そうだ書店へ行こう

投稿者: | 2011年4月20日

なんとなくデジタル…ではない

メールマガジンのサブコンテンツとして Windows の小技についての連載していたり、このサイト内にもオンラインソフトの紹介コーナーがあったりする関係で「石塚のカーネルはモノシリックなマルチタスクで 分散アーキテクチャなインターネット・コラボレイテッドのナニだ」という感じに思われているふしもあります。
…それっぽい言葉の羅列はもちろん冗談ですが、とにかくデジタル機器や技術を出来るだけ活用して効率よくという、「デジタル派」だという印象ですね。

少し、違います。
効率がよいにこしたことはないという面では半分だけ正しいですが、それが考え方の中心にあるわけでは全くないという意味で、違います。

私が初めてコンピュータを使い始めたのは、書店の平社員から店長に昇進した時でした。それ以前から趣味でコンピュータをいじっていたのだろうと思っておられる方もいるかもしれませんが、そうではありません。
店舗の業績・各分野の実績などを、スタッフにビジュアルなグラフで把握させたかったのです。
数値だけではダメで、見た瞬間に「どうなっているのか」が直感的に分かって欲しかった。
もちろん手書きでも、出来なくはありません。
しかしその当時、大量のデータを手作業で計算し、さらにグラフを描くというようなことをじっくりやっている時間は全くありませんでした。
その作業時間を圧縮する。絶対にやりたい仕事上の目標を、時間や手間がかかりすぎるからという理由で放棄しない。
それを実現してくれるのは(秘書や事務専用スタッフがあり得ないわけですから)コンピュータだけでした。数日後にはコンピュータを購入しました。

振り返ると自分でもちょっと驚きますが、出発点の動機は徹底してビジネス用途であり、その結果何が出来るようになりたいのかという目的もきわめてはっきりしていました。
他人に何かを提供したいから自分の作業を効率化する。「作業」は効率化して、残った時間でスタッフと「仕事」がしたかったのです。

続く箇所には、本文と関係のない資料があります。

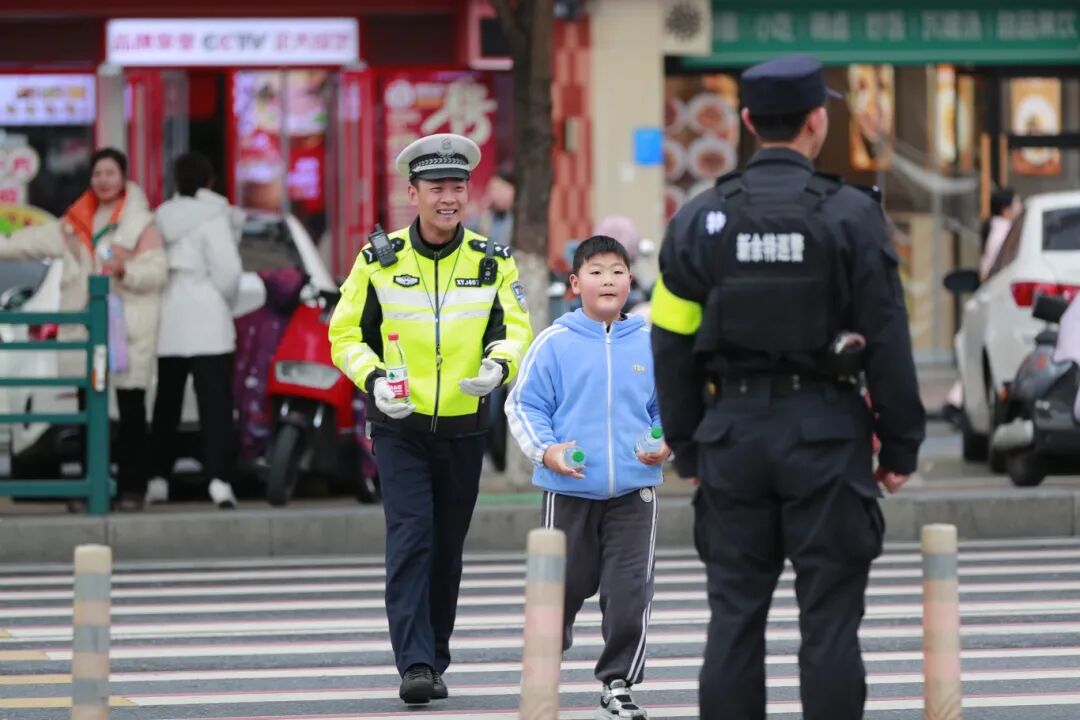 在全省各地的护学岗上,多方力量正协同发力、闭环联动。九江公安牵头整合交警、派出所民辅警、家长志愿者、“九江志警”及值日老师力量,健全“警校家社”四方联动护学机制,明确各主体职责分工,细化交通疏导、人流管控、周边巡查等工作流程,确保衔接顺畅、响应高效。斑马线前,交警采取“定点疏导+流动管控”模式,引导车辆减速礼让、有序通行;校门口,家长志愿者配合民辅警开展车辆分流,严格落实“即停即走”管控要求,缓解校门口交通拥堵;周边路段,“九江志警”协助开展常态化巡逻,及时排查各类安全隐患,以多方合力织密校园周边安全防护网。

もっとずっとあとのことです、コンピュータの持つきわめて豊かで曖昧な可能性に気付いて、道を踏み誤っていくのは(苦笑) 
 

効率追求にひそむ過ち

最近デジタル機器やデジタル技術の導入で「効率追求」をしたのだから正しい、という短絡的な考えを本気で信じかけている人々が、少しずつ増えてきているような気がします。
たとえば、徹底して電子化したから営業の人間が直接書店へ出向くのは半年に一回でじゅうぶんだ、というような意識です。
まだ表立ってそのような発言を大いばりでしてしまう例は少ないようですが、気持ちのどこかでそのような思いに侵され始めている人はきっといるでしょう。
忘れたり、勘違いしたりしてはならないことが三つあります。

  1. 効率は、自分たちのためだけに追求しても意味がない
  2. 人間と人間の対話に勝てるものは、まだ無い
  3. データ分析からは漏れ落ちるものがある

効率は、自分たちのためだけに追求しても意味がない

効率化は誰のためか

非効率な作業手順があちこちにあることは大変良くない。これは全くの正論です。時間あたりに完了できる量が少なかったり、コストが高かったりしない方がよいのは当然です。
しかし、なぜ「その方がよい」のかということには二つの側面があります。

同じ内容の仕事をするのであれば、時間や経費というコストが低い方が会社経営が楽です。また、同じコスト内でより多くの仕事が出来るのであれば総売上高がより多くなることが期待できます。
しかし、それらの仕事に最終的に対価を支払ってくれるのは顧客ですから、顧客が御社の仕事ぶりに満足するならば、御社の効率追求はよい結果をもたらすであろう、と言うのが本当のところです。
「総売上高がより多くなることが『期待できます。』」という中途半端な言い方をした理由はそういうことです。
極論ですが、御社内が極限まで効率化されても、その結果から生まれてくる仕事が顧客に全く支持されなければ、効率化の効果はゼロです。

多くの方はこのことがきちんと分かっています。
しかし、ごく一部に「自社はこのように効率化したから、顧客であるあなたはそれに合わせなさい」という態度を無意識にせよ、当然のようにとってしまうところもあります。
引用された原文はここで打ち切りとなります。